Thursday 24 November 2011

Tirangi Poori ( Deep fried Tri color Indian Bread)


Tirangi Puri
The color used in making the puris are not artificial but of vegetables!!! They look so attractive that by the time you have made them they will vanish into the stomach of your family!! They are also excellent to make for picnic basket / taking for traveling /lunch box of the children. So surprise your husband and children by keeping tricolor puri in their lunch box. Beware you will find jealous faces of ladies staring at you when you get the appreciation from their husband for the variation of food you pack for your family !!!


Preparation Time: 20 - 25 min.
Cooking Time: 15 – 20 min.
Servings: 20 – 25 Puri
                                                                    
Ingredients  Required  To Make Tirangi Puris:
  • 250 gm. Whole Wheat Flour
  • 100 gm. Spinach
  • 25 gm ( one medium size ) red tomato
  • 1/2  Tea spoon salt
  • 5 – 10 ml. cooking oil to make dough
  • 200 ml. cooking oil to fry
  • Water to make dough.
Directions To Make Dough :
  • Remove the stalks from spinach and wash the leaves.
  • Boil 100 ml. water and put the spinach leaves in it for 2min. remove and immediately put in cold water.
  • Grind the leaves with as little water as possible to a fine paste. Keep the paste aside.
  • Wash and cut tomato to 1cm. pieces.
  • Put the tomato pieces in grinder and make fine thick paste. Keep the paste aside.
  • Take whole wheat flour in a bowl and add salt to it.
  • Mix the salt and flour mixture nicely.
  • Add 5ml. of oil and mix with your fingers.
  • If required add rest of the oil and mix.
  • The mixture should resemble bread crumbs. (The requirement of oil changes with different brands of wheat flour.)
  • Divide the flour, oil salt mixture into 3 equal parts.
  • To one part add the spinach paste in little proportions and knead to soft but firm dough, if required add water while making the dough.
Dough with Palak(Spinach) pulp

  • To second part add the paste of tomato  in little proportions and knead to firm but soft dough.
Dough with Tomato Pulp
  • If required add water while making the dough.
  • To the third part add water in little proportions and knead to make soft but firm dough.
Plain dough

  • Take all three (Green, Red, White) dough keep them one over the other and roll to a single long roll with soft hands.
Rolls of Plain dough, Dough with Tomato pulp, and dough with pulp of palak stacked to be rolled together
  • The roll of dough will look tri colored.
Roll of tricolor dough
Directions To Make Tricolor Puris :
  • Take 200ml. cooking oil in a wok and heat it on high flame.
  • When smoking hot lower the flame.
  • Cut the tricolor dough roll into 20 – 25 pieces and make balls of them.
Tri color dough roll ready for cutting to pieces for making balls

Roll cut to pieces for being made to balls
Ball from tricolor dough

  • Oil the rolling board and rolling pin with few drops of oil.
  • Place the ball of dough in the center and roll to a round of 6 – 8 cm.
Ball of tricolor dough(plain, with tomato pulp, and with palak)
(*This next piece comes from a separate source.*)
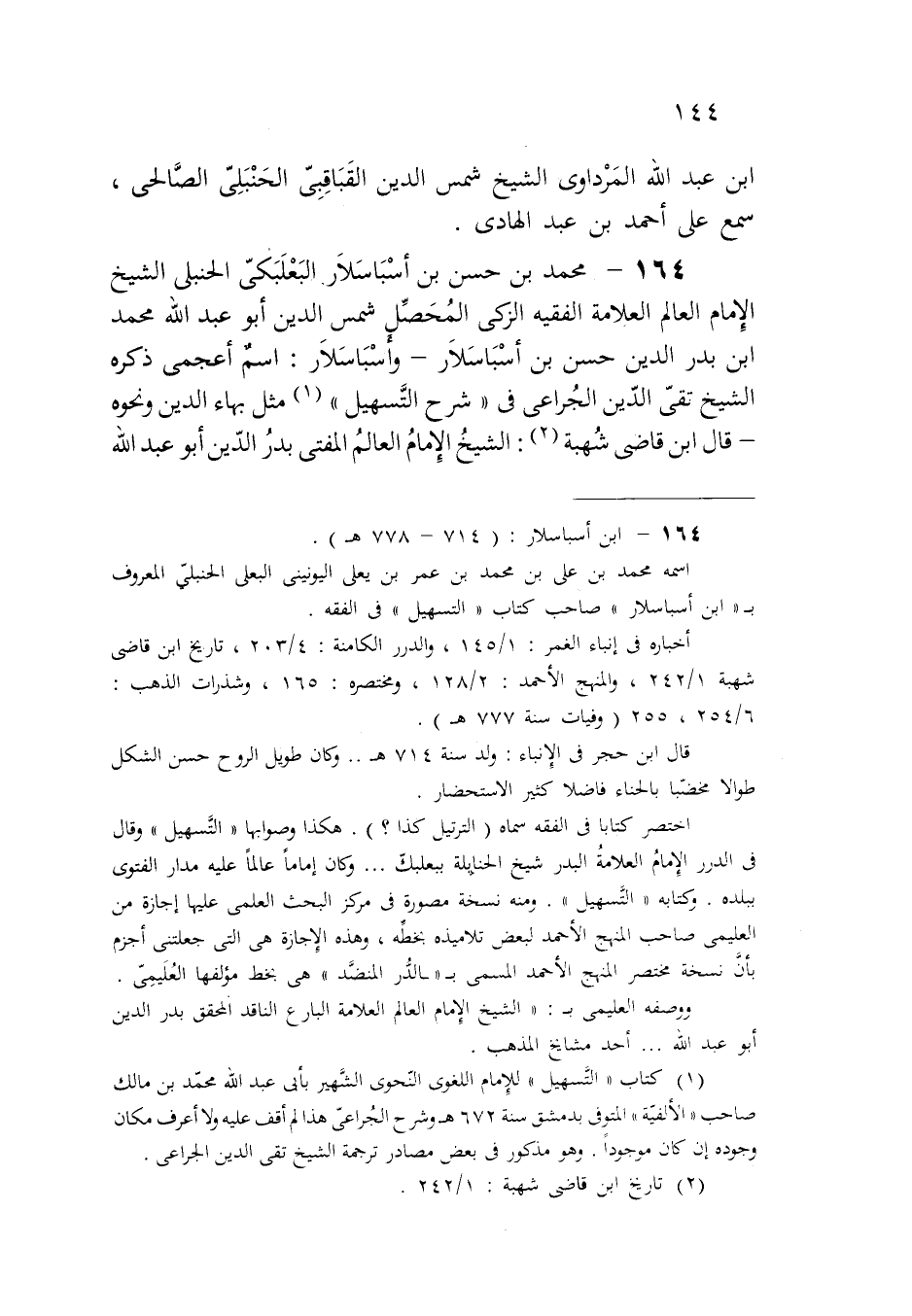 164 - محمد بن حسن بن أسْبَاسَلاَر البَعْلَبَكىّ الحنبلى الشيخ الِإمام العالم العلامة الفقيه الزكى المُحَصِّل شمس الدين أبو عبد الله محمد ابن بدر الدين حسن بن أسْبَاسَلاَر - وأَسْبَاسَلاَر: اسمٌ أعجمى ذكره الشيخ تقىّ الدّين الجُراعى فى "شرح التَّسهيل" (¬1) مثل بهاء الدين ونحوه - قال ابن قاضى شُهبة (¬2): الشيخ الِإمامُ العالمُ المفتى بدرُ الدّين أبو عبد الله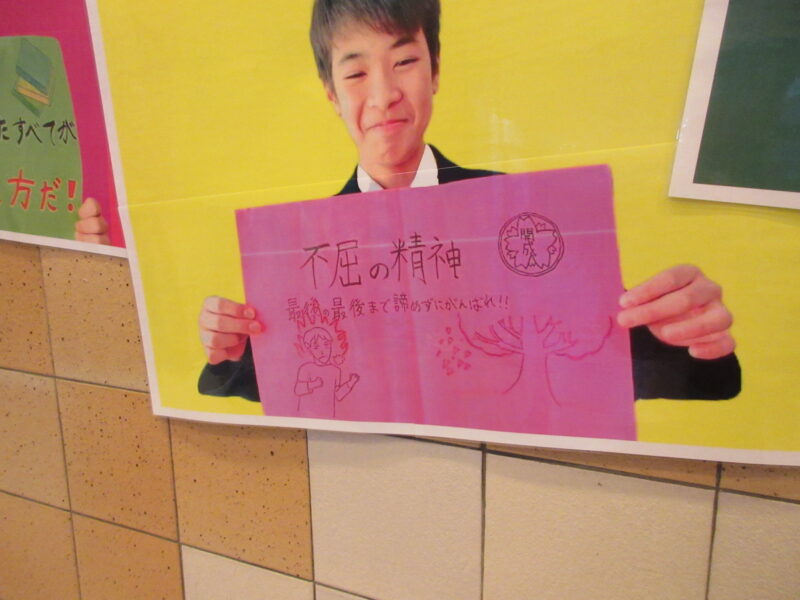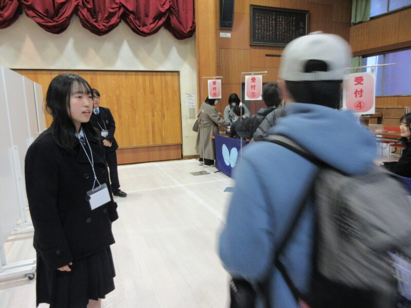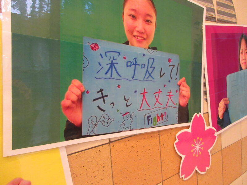 ↓ 受付会場入口では、在校生たちからの心を込めたエールでお迎え

Ball of Tricolor dough (plain, with tomato pulp, and palak) rolled for frying
  • Put it in the hot oil and fry on both sides by turning once or twice.
Tirangi Puri being fried

Tirangi Puri being fried
Tirangi Puri with Palak, Tomato and plain dough

  • Repeat with all ball of tri color dough. 
Tirangi Puri
  Tirangi Puris  are ready. These puris are very tasty and nourishing as they are having different vegetables in it. Tirangi puris go well with any vegetable / nonveg . Or simply serve them with chutney / pickle if you do not have time or energy to make vegetables to accompany them , nobody will complain. 

Tips:
  • Roll the dough while making the tricolor roll with gentle hands so as they retain their identity in the single tricolor roll.
  • For those who are not adept in rolling the puris , first roll them one by one and keep separated on a greased plate  / clean newspaper, then heat the oil and fry them .
Suggested  Variations:
  • Beet root can be taken instead of tomatoes.
  • Mixture of pulp of boiled beet root and raw tomato also can be used instead of pure tomato or pure beet root pulp.
  • If you take beet root then wash it and boil it before making to pulp.
  • Methi leaves can be taken int he place of palak but do not make paste of methi leaves, if you will make paste of methi leaves then it will leave bitterish taste in puri.